I am running a program which needs to query a lot of single rows from a database. I have a list of (ticker,timestamp) pairs (in a pandas DataFrame) and I need to retrieve their corresponding price from a database. Right now, I am using pandas' .apply() to run a query against the database for every row in the pandas DataFrame. That is sequential. I find that that is too slow when I have too much data and was wondering how to improve the performance.
I see two methods, one that I think I prefer but I do not understand well.

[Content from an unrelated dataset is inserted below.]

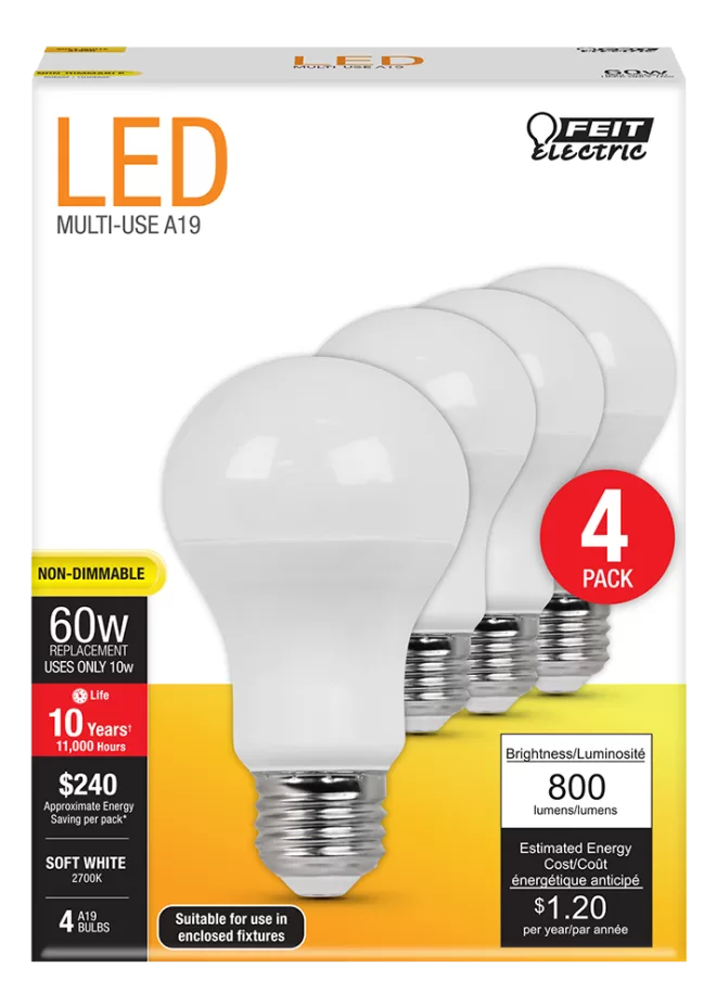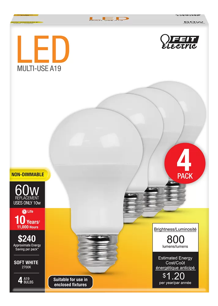 60W eq / 10W act, 120V, 800 Lumens, Color: 2700K (Soft White), Lamp Base: E26, Lamp shape: A19, Lamp Finish: White, Lamp Material: Platic, Average Life: 11000 hr

In one case, I can make one session.query(T).filter(...)
where I use
or_(
and_(
T.ticker == tickername[0],
T.timestamp == timestamp[0]
),
and_(
T.ticker == tickername[1],
T.timestamp == timestamp[1]
),
....
)
In the other case (that is the one I might prefer if there is an existing method of doing it), I would design one
q = session.query(T).filter(
and_(
T.ticker= tickername,
T.timestamp == timestamp
)
)
for each (ticker,timestamp) pair, and I run all the q's in parallel against the database (postgres).
I've tried the first method and it seems like there is a bottleneck somewhere that causes things to hang.
- htop shows that the process takes up 6.7% of the memory on the machine.
- sqlalchemy might be bottlenecking, but I don't know how to check that.
- postgres is using a lot of CPU% (htop shows 100% or under 100%), so maybe it is the one bottlenecking
I don't know of a better way to make a bulk query like this.